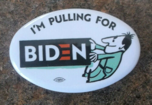 Title (ebay affiliate link): 2020 Democrat JOE BIDEN President Cute 50''s style Man PULLING FOR logo Button
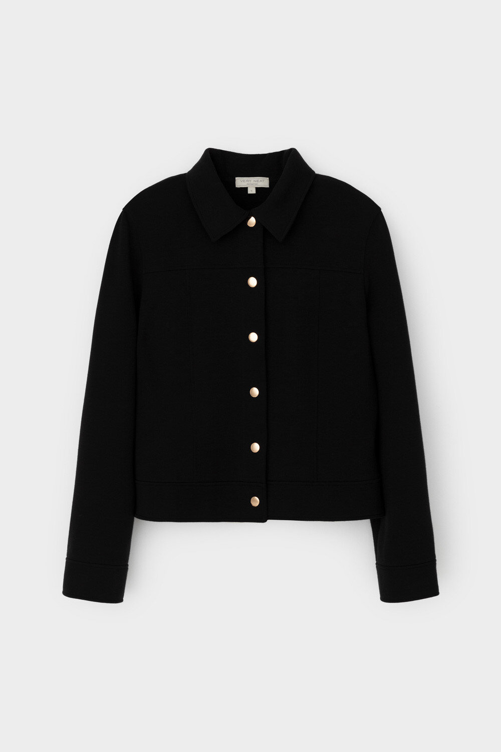 Укорочённый жакет, изготовленный из премиального трикотажного полотна DOUBLE FACE с добавлением спандекса. За счет фактуры переплетения и специальных обработок сохраняет силуэт и форму, что позволяет сочетать его как с юбкой, так и с брюками. Хлопок в составе добавит комфорта при носке.
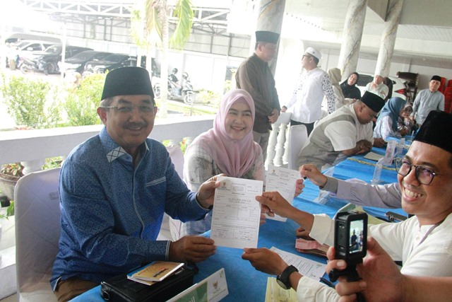 TANJABBAR – Bupati Tanjung Jabung Barat, Drs. H. Anwar Sadat, M.Ag., bersama Ketua TP-PKK Tanjab Barat, Hj. Fadhilah Sadat, S.H., memimpin aksi penyerahan zakat harta dan penghasilan melalui Badan Amil Zakat Nasional (Baznas) Tanjab Barat. Kegiatan bertajuk "Pemerintah Kabupaten Tanjung Jabung Barat Berzakat" ini berlangsung di Rumah Dinas Jabatan Bupati, Minggu (8/3/26).
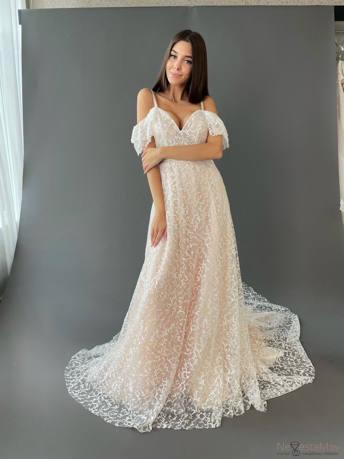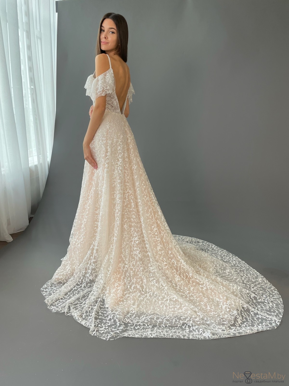 Свадебное платье с нежным блеском и небольшим шлейфом.

* Task prompt:
Could you retype exactly the lines running from the one with "Укорочённый жакет, изготовленный" to the end of the material above, pictures omitted?

* Problem solution:
 Укорочённый жакет, изготовленный из премиального трикотажного полотна DOUBLE FACE с добавлением спандекса. За счет фактуры переплетения и специальных обработок сохраняет силуэт и форму, что позволяет сочетать его как с юбкой, так и с брюками. Хлопок в составе добавит комфорта при носке.
 TANJABBAR – Bupati Tanjung Jabung Barat, Drs. H. Anwar Sadat, M.Ag., bersama Ketua TP-PKK Tanjab Barat, Hj. Fadhilah Sadat, S.H., memimpin aksi penyerahan zakat harta dan penghasilan melalui Badan Amil Zakat Nasional (Baznas) Tanjab Barat. Kegiatan bertajuk "Pemerintah Kabupaten Tanjung Jabung Barat Berzakat" ini berlangsung di Rumah Dinas Jabatan Bupati, Minggu (8/3/26).
 Свадебное платье с нежным блеском и небольшим шлейфом.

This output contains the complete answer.